Потом их посадили в поезд, который направлялся вглубь Рейха. Фриц с отцом держались вместе, как всегда до того. Их везли в Маутхаузен, на территории Австрии, куда СС собирало остатки годных к работе заключенных, чтобы, выпив из них последние силы, разделаться и с ними тоже. На вагон приходилось по сто сорок человек; сначала они стояли, но постепенно холод начал их убивать, и на полу освобождалось место, где можно было сидеть. Трупы сваливали в кучу в углу вагона, а одежду с них живые забирали себе, чтобы согреться.
Но, хоть они едва держались на ногах, то были счастливчики, еще способные работать – большинство их братьев и сестер, жен, матерей и детей убили или погнали на запад пешком, и они умерли на марше.
Семь лет назад, когда начался этот кошмар, Фриц был еще ребенком; он стал мужчиной в нацистских лагерях – там он учился, взрослел и сопротивлялся тем, кто пытался заставить его отказаться от надежды. Он предвидел наступление этого дня и готовился к нему. Под лагерной униформой у них с отцом была надета гражданская одежда, которую Фриц раздобыл через друзей из освенцимского Сопротивления.
Поезд проехал Вену – город, некогда бывший их домом, – а потом повернул на запад.
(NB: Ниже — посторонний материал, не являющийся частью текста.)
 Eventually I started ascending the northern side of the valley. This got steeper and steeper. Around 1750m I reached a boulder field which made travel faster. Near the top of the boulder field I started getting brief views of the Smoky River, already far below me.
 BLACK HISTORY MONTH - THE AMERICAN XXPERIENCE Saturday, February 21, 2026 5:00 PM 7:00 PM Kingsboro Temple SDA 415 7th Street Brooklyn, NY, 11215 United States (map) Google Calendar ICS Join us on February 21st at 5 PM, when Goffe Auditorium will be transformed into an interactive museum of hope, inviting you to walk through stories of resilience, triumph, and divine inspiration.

Это означало, что до пункта назначения осталось каких-то пятнадцать километров. Они находились на родине и, решившись теперь бежать, вполне сошли бы за местных рабочих.
Фриц оттягивал решающий момент, тревожась об отце. Густаву исполнилось пятьдесят три, он был стар и измучен – удивительно, что он вообще протянул так долго. И вот теперь, когда решалась их судьба, просто не мог подняться на ноги. Силы покинули его. Но Густав ни за что не хотел лишать сына шанса на выживание. Мучительно было расставаться после того, как они столько лет поддерживали друг друга в борьбе за жизнь, и все же он настаивал, чтобы Фриц бежал один. Фриц умолял его попытаться, но отец был непреклонен. «Бог тебя защитит, – сказал он. – Я не могу. Я слишком слаб».
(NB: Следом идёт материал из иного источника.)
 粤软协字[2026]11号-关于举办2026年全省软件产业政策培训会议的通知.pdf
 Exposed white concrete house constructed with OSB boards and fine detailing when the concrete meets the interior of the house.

Помедли Фриц еще немного, и было бы уже поздно. Он поднялся и сорвал с себя ненавистную полосатую пижаму; потом обнял отца, поцеловал и с его помощью перебрался через скользкий боковой борт вагона.
Ледяной ветер ударил ему в лицо. Он встревоженно оглянулся на сторожки охранников в соседних вагонах, где сидели эсэсовские караульные. Ярко светила луна – два дня до полнолуния, – и от нее на снег ложились причудливые тени, на фоне которых любое движение сразу бросалось в глаза[1]. Поезд грохотал, катясь на максимальной скорости. Собрав волю в кулак и надеясь на лучшее, Фриц бросился вперед, навстречу потокам морозного воздуха.
Часть первая. Вена
Семью годами ранее…
«Когда кровь евреев потечет с ножа…»
Густав Кляйнман тонкими пальцами подтолкнул ткань под лапку швейной машинки, и та застрочила пулеметной очередью, а иголка повела за собой длинную плавную линию шва. Рядом с его рабочим местом стояло давно требовавшее починки кресло – скелет из буковых планок, стянутых ремнями, с набивкой из конского волоса. Прострочив деталь, Густав приложил ее к подлокотнику и стал прибивать на место мебельными гвоздиками – с изнанки простыми, а снаружи медными, с круглыми выпуклыми шляпками, заколачивая их вплотную, так что стежка напоминала цепочку солдатских касок; с мерным стуком молотка гвоздики вставали точно на свое место.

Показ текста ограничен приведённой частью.